Carved: The Slit-Mouthed Woman
Plot
Legend holds that 30 years ago, a suburban town was terrorized by the spirit of a woman whose horrid face had been grotesquely disfigured. Roaming the streets wearing a long coat and carrying large scissors, the spirit would approach her young victims and, while removing the mask, ask if she was pretty. The victim’s response would almost always lead to their violent death.
Overall Series Review
Categorical Breakdown
The film is a non-Western production based on Japanese folklore, starring a Japanese cast, and set in Japan. The narrative is entirely concerned with an indigenous urban legend and personal trauma. No concept of 'whiteness' is vilified, nor is there any forced insertion of diversity or 'race-swapping.' Characters are defined by their roles as teachers, victims, or abusers.
The film critiques severe social problems—child abuse and domestic violence—within the framework of a horror story. This is a critique of individual parental failure and societal trauma, not a condemnation or self-hatred toward the foundational civilization or its institutions. There is no framing of external cultures as morally superior to the Japanese setting.

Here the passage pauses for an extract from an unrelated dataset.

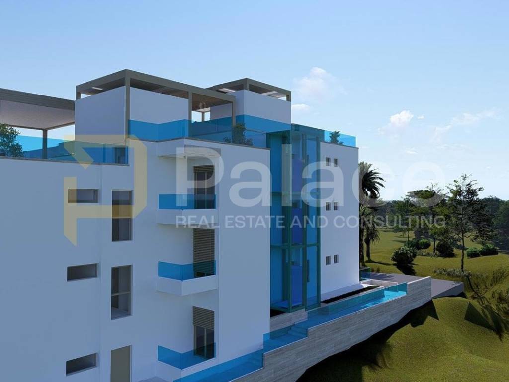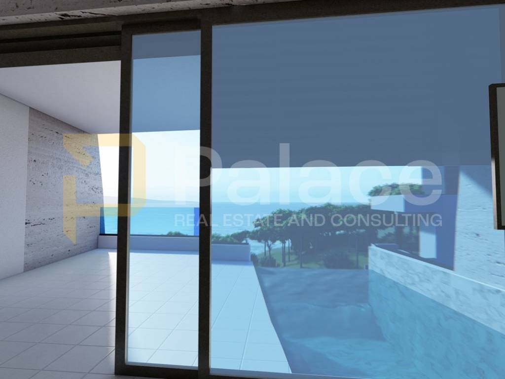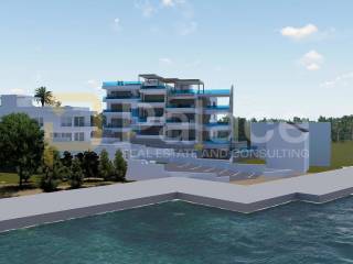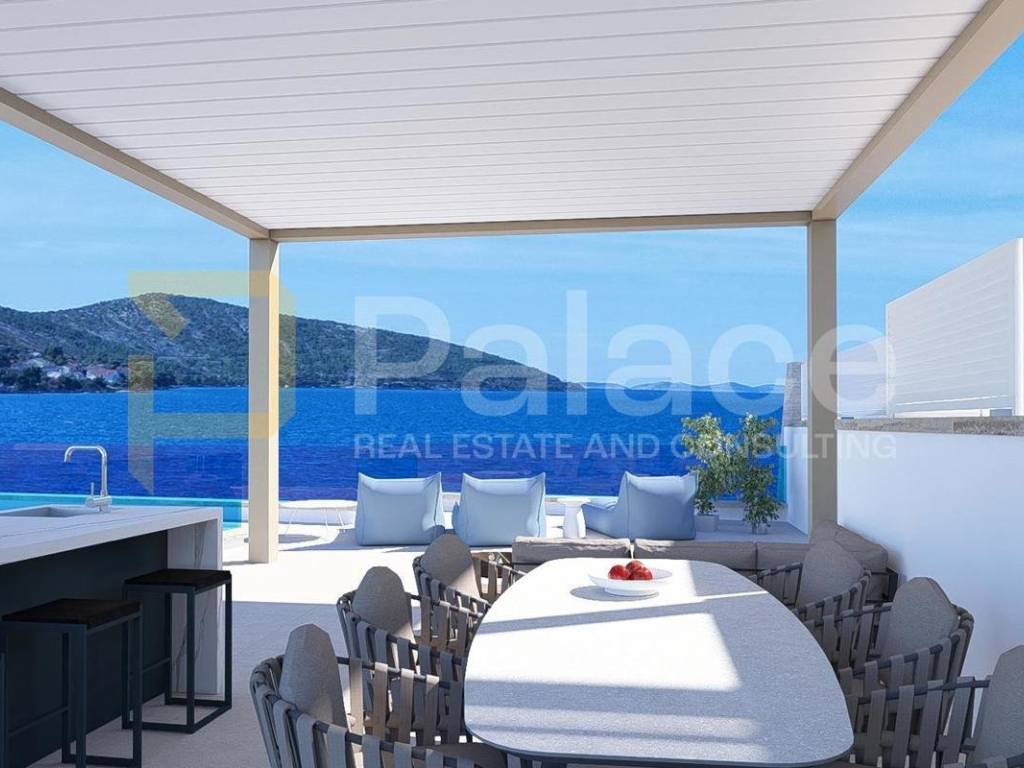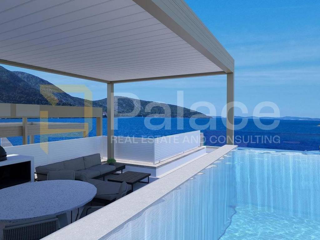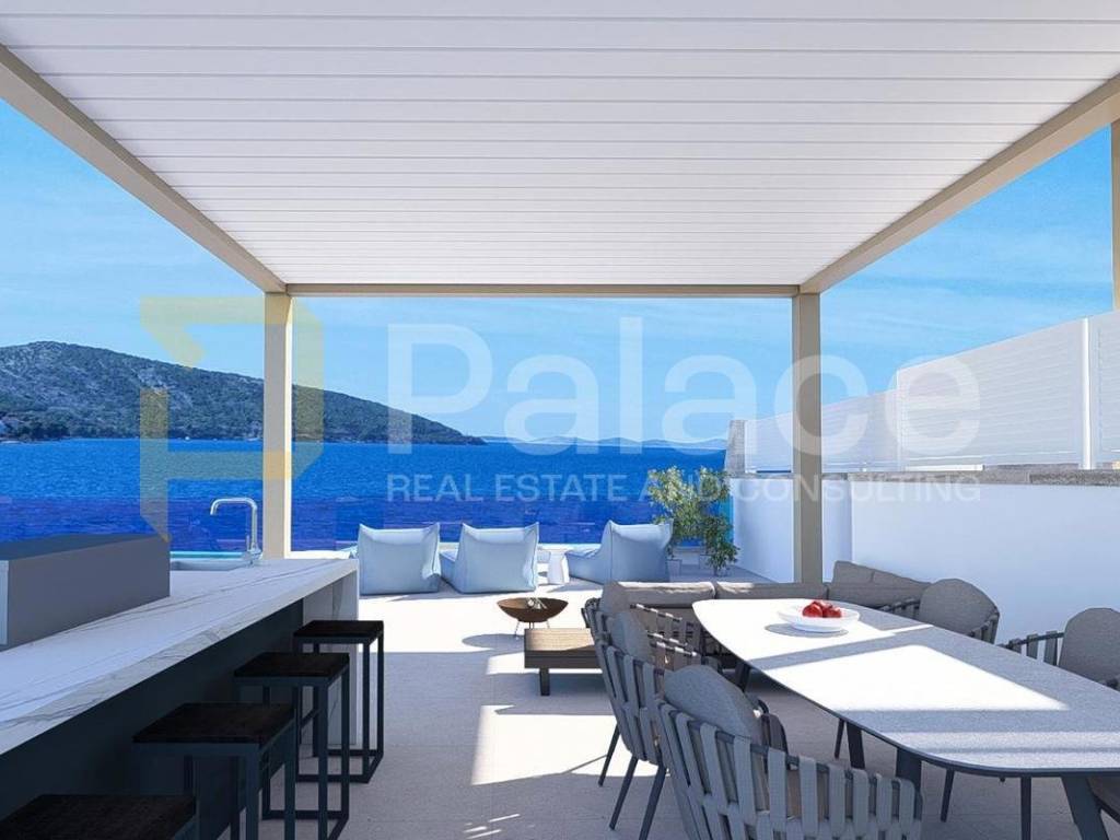 Situated right on the coast, only 40 m from the sea, with a private pool and luxurious furnishings, this apartment offers the future owner the maximum pleasure of enjoyment. The building is constructed to high building standards, using quality materials, and the apartments are equipped with PVC windows with large sliding doors, air-conditioned rooms, electric blinds with mosquito nets, underfloor heating, etc. The whole building is connected with an elevator.

The score is high due to the narrative's specific framing of evil. The core antagonist is a vengeful female spirit who possesses and weaponizes mothers. The central theme suggests a 'dark impulse' or potential for cruelty inherent in the maternal role, making the primary source of terror a destructive, anti-natal/anti-family manifestation of womanhood. The original spirit was an abusive mother who killed her own children, and the protagonist teacher is a divorced mother with a troubled relationship with her daughter.
The film contains no themes related to sexual ideology, gender theory, alternative sexualities, or deconstruction of the nuclear family on the basis of gender identity. The conflict is strictly centered around traditional male-female family units facing dysfunction through divorce and child abuse.
The film is based on a spiritual urban legend involving a vengeful ghost, a curse, and demonic possession, which operates within a supernatural, folklore-based morality. There is no explicit attack on or hostility toward organized religion, specifically Christianity. The presence of the curse and spirit acknowledges a transcendent, albeit evil, force.